PROMPT. A picture should never appear in your copy. Transcribe the listing exactly from its first line through the line with "(总)金丝兔 2026新款复", both ends included.

GIVEN DATA.
^^^^
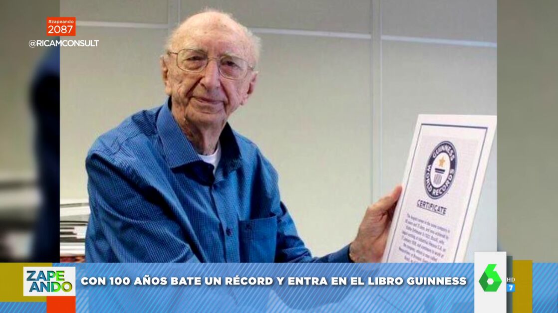 Walter, un hombre de 100 años, ha entrado en el Libro Guiness de los Récords por llevar 84 años trabajando en la misma empresa. "Es un caso extraordinario", comenta Dani Mateo, quien asegura que este brasileño ha visto "morir jefes": "Quizá sea el único caso en el mundo en el que han echado antes a los jefes que a él", bromea con sus compañeros de mesa, y opina que es un récord prácticamente "imbatible".
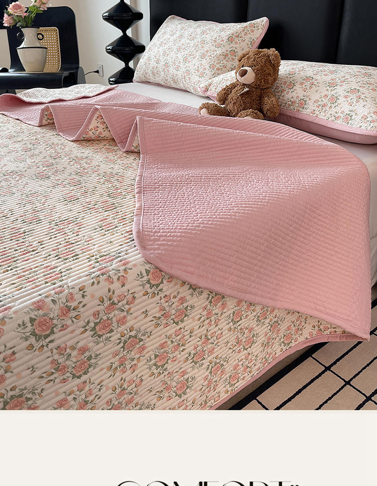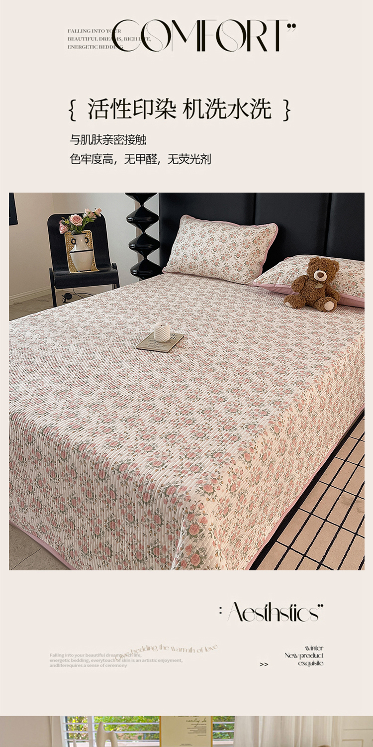 (总)金丝兔 2026新款复古碎花亲肤水洗棉单床盖仿棉夹棉床盖床盖三件套,艾芮,巴黎恋人,贝贝南瓜,布丁,呆呆熊,朵真,荔椿,蔓枝,茉莉清茶,童话,喜糯,小花喵,小灰格,樱桃小格,遇见,植音
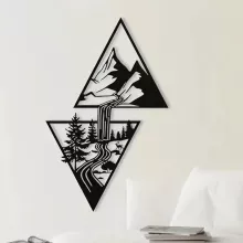 Transform your living space with the striking elegance of this Nordic Mountain Scene Metal Wall Art. Crafted from high-quality iron and designed in a sleek triangular silhouette, this piece captures the serene beauty of mountain peaks in a minimalist, modern style. Its clean black finish and precise detailing make it a stunning statement piece that blends seamlessly with a variety of interior designs, from contemporary to rustic.
^^^^
ANSWER TO THIS PROBLEM.
 Walter, un hombre de 100 años, ha entrado en el Libro Guiness de los Récords por llevar 84 años trabajando en la misma empresa. "Es un caso extraordinario", comenta Dani Mateo, quien asegura que este brasileño ha visto "morir jefes": "Quizá sea el único caso en el mundo en el que han echado antes a los jefes que a él", bromea con sus compañeros de mesa, y opina que es un récord prácticamente "imbatible".
 (总)金丝兔 2026新款复古碎花亲肤水洗棉单床盖仿棉夹棉床盖床盖三件套,艾芮,巴黎恋人,贝贝南瓜,布丁,呆呆熊,朵真,荔椿,蔓枝,茉莉清茶,童话,喜糯,小花喵,小灰格,樱桃小格,遇见,植音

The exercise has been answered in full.